From the entries below, please output exactly the lines starting at the one containing "201810月,蚌埠分公司中" and ending at the one containing "Cedar sphere, 15", both included.

○ ○ ○

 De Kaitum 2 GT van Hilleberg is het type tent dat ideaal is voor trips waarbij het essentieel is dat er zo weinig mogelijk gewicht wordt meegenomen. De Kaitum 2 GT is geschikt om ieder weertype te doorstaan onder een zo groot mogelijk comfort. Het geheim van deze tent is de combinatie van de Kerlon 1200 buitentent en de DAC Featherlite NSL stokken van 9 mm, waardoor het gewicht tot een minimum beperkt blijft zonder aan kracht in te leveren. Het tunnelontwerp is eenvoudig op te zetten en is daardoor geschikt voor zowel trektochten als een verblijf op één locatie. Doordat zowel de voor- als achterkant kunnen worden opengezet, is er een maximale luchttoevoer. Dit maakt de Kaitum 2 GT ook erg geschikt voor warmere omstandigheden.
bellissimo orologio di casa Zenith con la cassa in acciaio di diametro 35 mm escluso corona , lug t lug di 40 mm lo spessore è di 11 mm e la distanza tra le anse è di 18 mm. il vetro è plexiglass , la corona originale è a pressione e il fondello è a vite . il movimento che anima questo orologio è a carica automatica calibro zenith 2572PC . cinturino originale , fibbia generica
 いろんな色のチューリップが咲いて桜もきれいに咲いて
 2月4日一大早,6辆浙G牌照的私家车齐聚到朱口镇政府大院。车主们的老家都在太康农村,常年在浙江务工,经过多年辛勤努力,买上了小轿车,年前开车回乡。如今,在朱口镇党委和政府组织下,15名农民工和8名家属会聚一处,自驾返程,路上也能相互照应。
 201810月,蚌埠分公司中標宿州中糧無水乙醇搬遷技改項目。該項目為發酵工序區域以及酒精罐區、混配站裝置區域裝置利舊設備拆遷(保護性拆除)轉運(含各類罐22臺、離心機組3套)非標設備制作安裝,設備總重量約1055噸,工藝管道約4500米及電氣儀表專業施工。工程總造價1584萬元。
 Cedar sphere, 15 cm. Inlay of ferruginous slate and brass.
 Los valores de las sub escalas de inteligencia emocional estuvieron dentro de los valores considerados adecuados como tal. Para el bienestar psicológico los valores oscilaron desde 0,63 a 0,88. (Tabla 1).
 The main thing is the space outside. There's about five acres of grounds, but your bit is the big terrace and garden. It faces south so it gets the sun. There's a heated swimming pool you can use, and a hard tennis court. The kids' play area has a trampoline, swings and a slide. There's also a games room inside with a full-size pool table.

○ ○ ○

> **Your response**:
 201810月,蚌埠分公司中標宿州中糧無水乙醇搬遷技改項目。該項目為發酵工序區域以及酒精罐區、混配站裝置區域裝置利舊設備拆遷(保護性拆除)轉運(含各類罐22臺、離心機組3套)非標設備制作安裝,設備總重量約1055噸,工藝管道約4500米及電氣儀表專業施工。工程總造價1584萬元。
 Cedar sphere, 15 cm. Inlay of ferruginous slate and brass.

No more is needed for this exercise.